De acordo com a mensagem enviada pelo aplicativo WhatsApp, que faz parte do inquérito, a solicitação envolvia dados sobre as investigações contra Jair Bolsonaro e seus filhos.

“Bom diaaaa. Tudo bem? Estou precisando muito de uma ajuda. Delegada PF. Dra. Isabela Muniz Ferreira – Delegacia da PF Inquéritos Especiais Inquéritos: 73.630 / 73.637 (Envolvendo PR e 3 filhos).  Escrivão: Henry Basílio Moura", está escrita na mensagem. 

Conforme o relatório da PF, "destaca-se que conforme se depreende da IPJ 183071/2024 que a comunicação entre os investigados del. Alexandre Ramagem e Carlos Bolsonaro se dá precipuamente por meio de seus respectivos assessores”.

O ministro Alexandre de Moraes, do Supremo Tribunal Federal (STF), durante a decisão que autorizou as buscas e apreensões contra Carlos Bolsonaro e os demais envolvidos na investigação, argumentou que as provas obtidas até o momento demonstram a existência de uma "organização criminosa" para realizar ações clandestinas na Abin.

"Os elementos de prova colhidos até o momento indicam, de maneira significativa, que a organização criminosa infiltrada na Abin também se valeu de métodos ilegais para a realização de ações clandestinas direcionadas contra pessoas ideologicamente qualificadas como opositoras, bem como para fiscalizar indevidamente o andamento de investigações em face de aliados políticos", escreveu Moraes.

Na última quinta-feira (21), o ministro Moraes também autorizou buscas contra o deputado federal Alexandre Ramagem (PL-RJ), ex-diretor-geral da Abin durante o governo de Jair Bolsonaro.

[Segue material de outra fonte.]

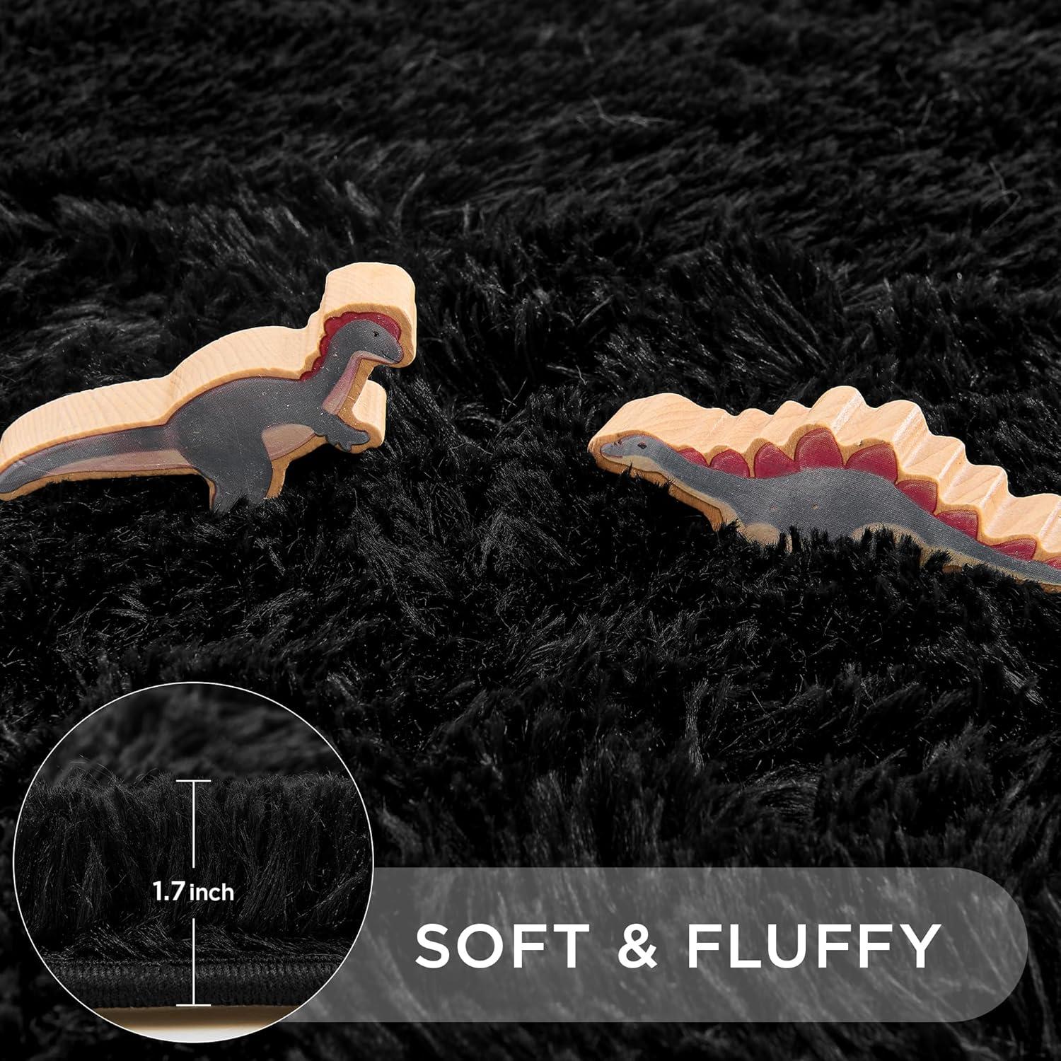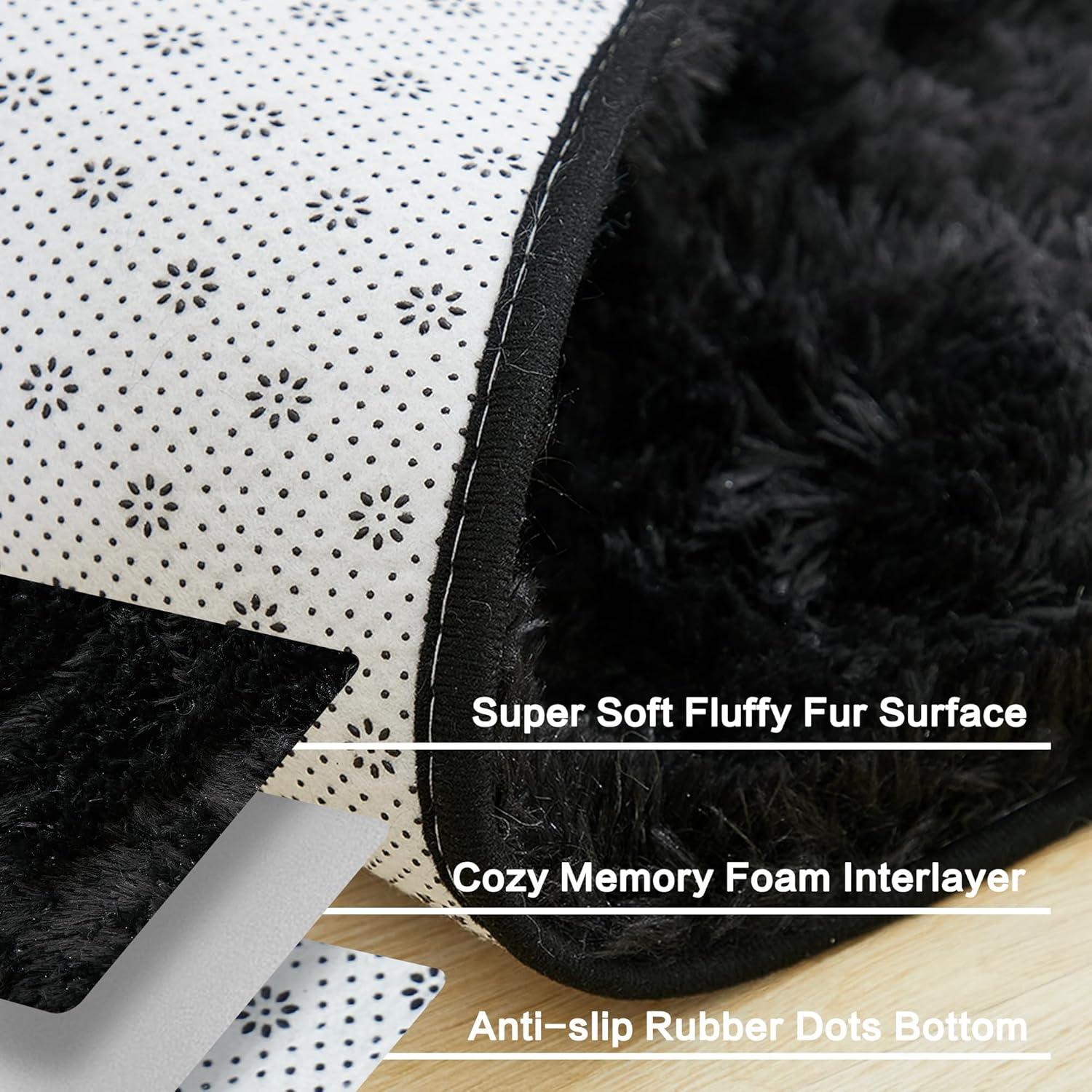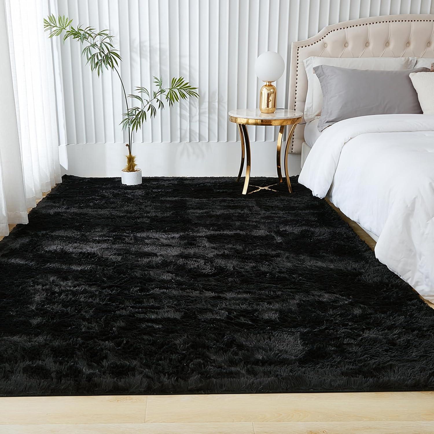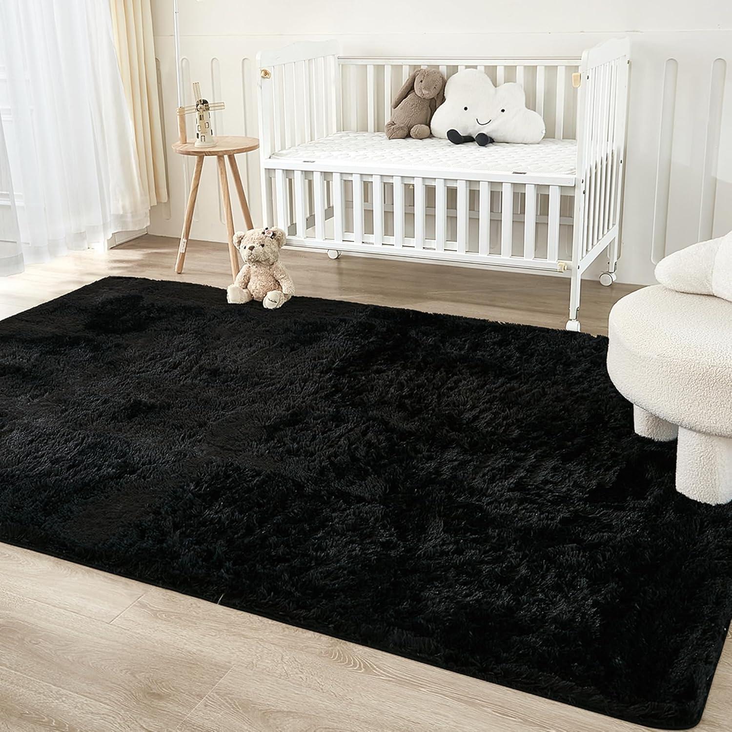 Andency Cream Soft Area Rugs for Living Room Bedroom, 4×6 Fluffy Shaggy Bedside Rug, Non-Slip Large Shag Fuzzy Plush Carpets for Bedroom Kids Dorm Nursery Home Decor Aesthetic(Black)
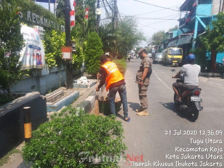 Faktual.Net, Jakarta-Tim Pengawasan Pembatasan Sosial Berskala Besar (PSBB) transisi melakukan monitoring di Jl Mahoni, Kelurahan Tugu Utara, Koja, Jakarta Utara, Selasa (21/07/2020).
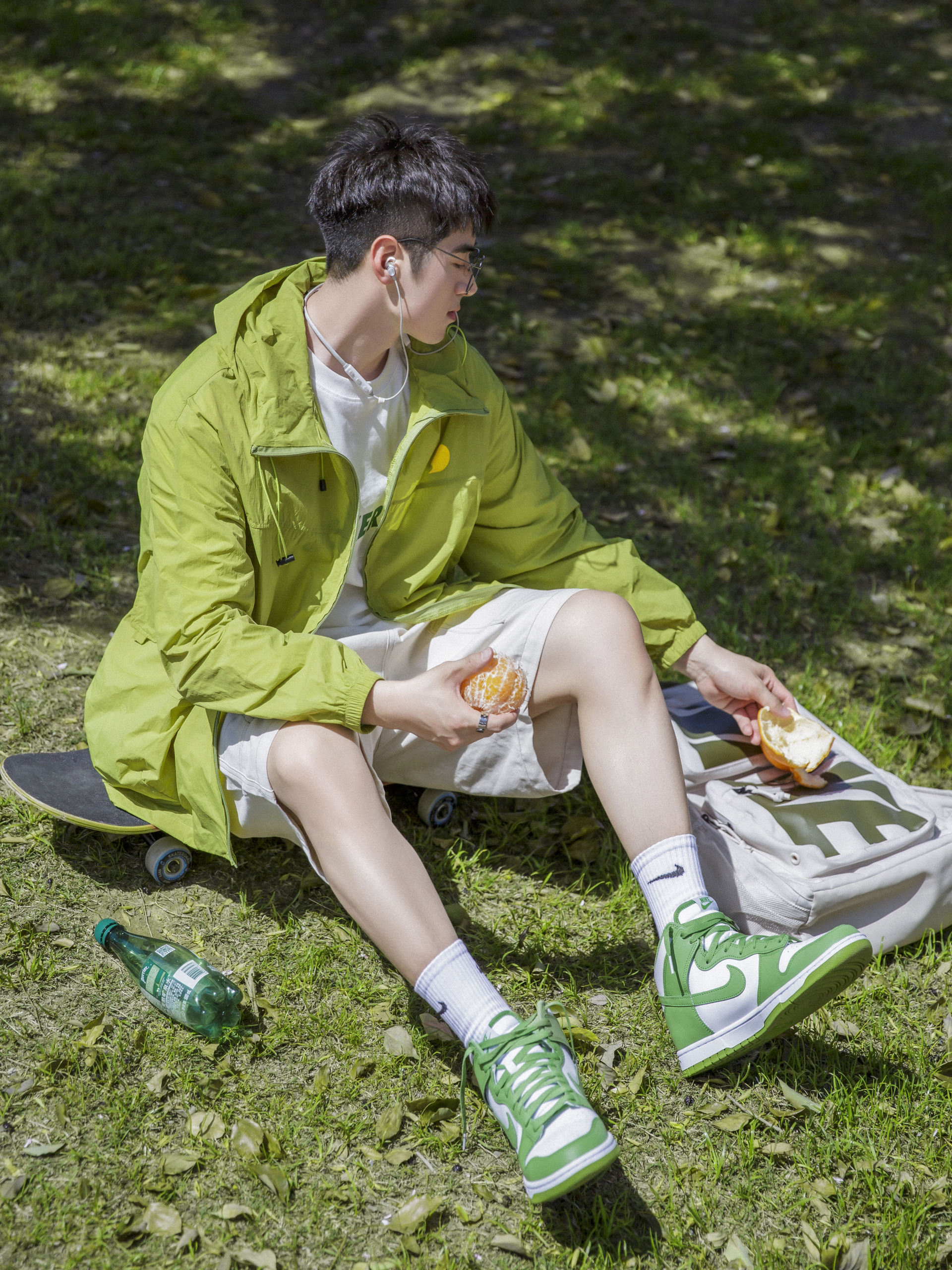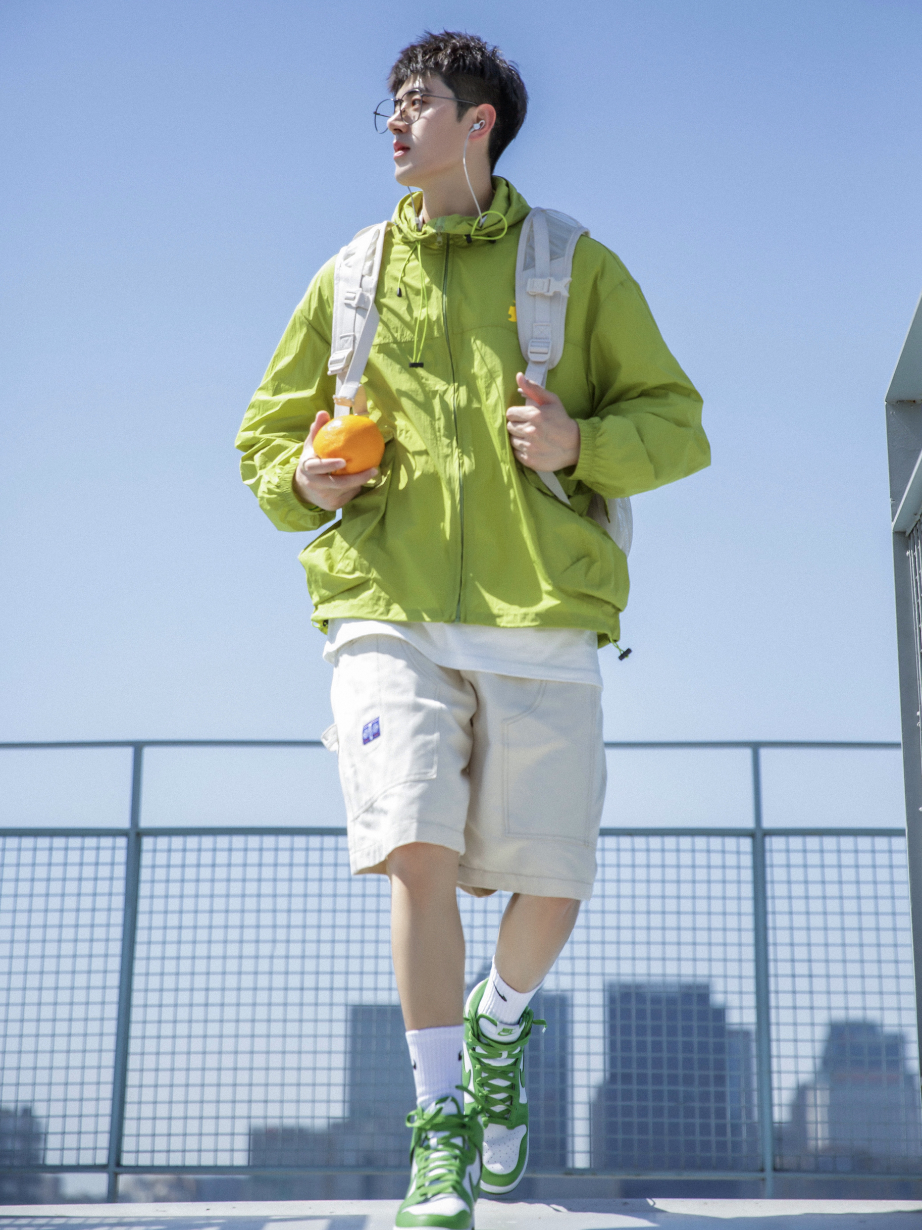 🍃夏天,除了“蓝色”就是“绿色”!都是很适合夏天的两个色彩搭配!🌈✨……今天分享一套“绿色系穿搭”!🧩✨……搭配我的“苹果绿”高帮Dunk!和防晒衣色彩呼应!一整个就是“夏日多巴胺穿搭”!帅的!帅的!💚💦…… — 🎒:Nike;✨ 👔:PD大人;✨ 🩳:DONTSTOP;✨ 👟:Dunk;✨ —
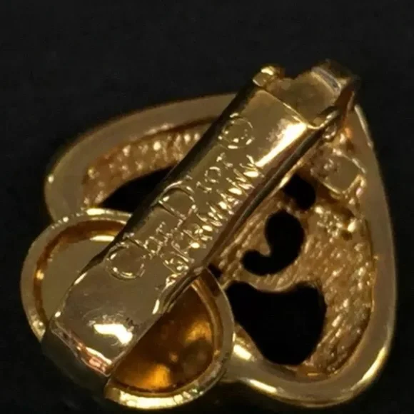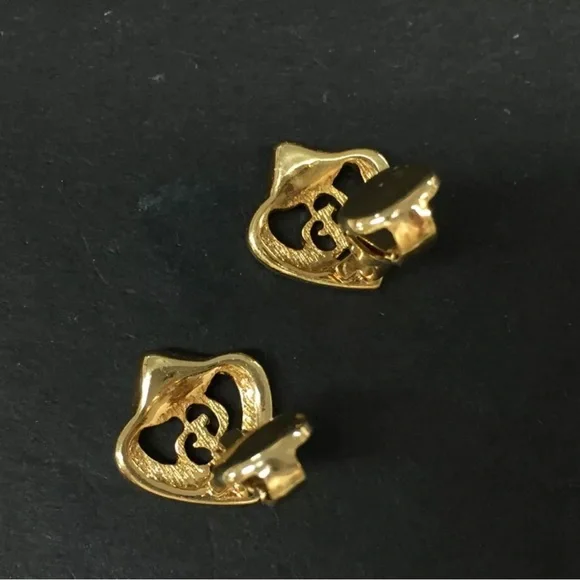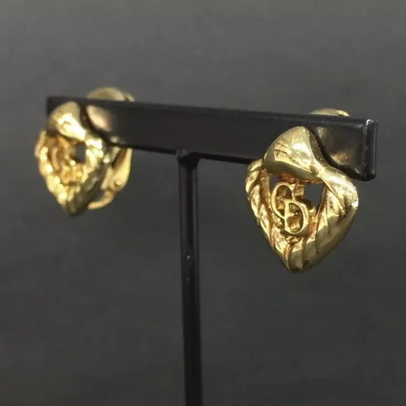 Christian Dior gold tone logo heart shaped clip-on earrings. Measure approximately 0.5 X 0.5”. Stamped on clips. In excellent pre-owned condition.Please carefully review photos, read the description & ask questions PRIOR TO buying/bidding/offering. All sales are binding & final. No cancellations.

De acordo com o processo, Ramagem, policiais e delegados da PF que estavam cedidos para a Abin, além de servidores do órgão, teriam participado de uma organização criminosa para monitorar ilegalmente autoridades públicas. 

Defesa 

O presidente Jair Bolsonaro e os advogados de Carlos confirmaram que o ele prestará o depoimento agendado na Polícia Federal. Não sendo divulgado a data ainda.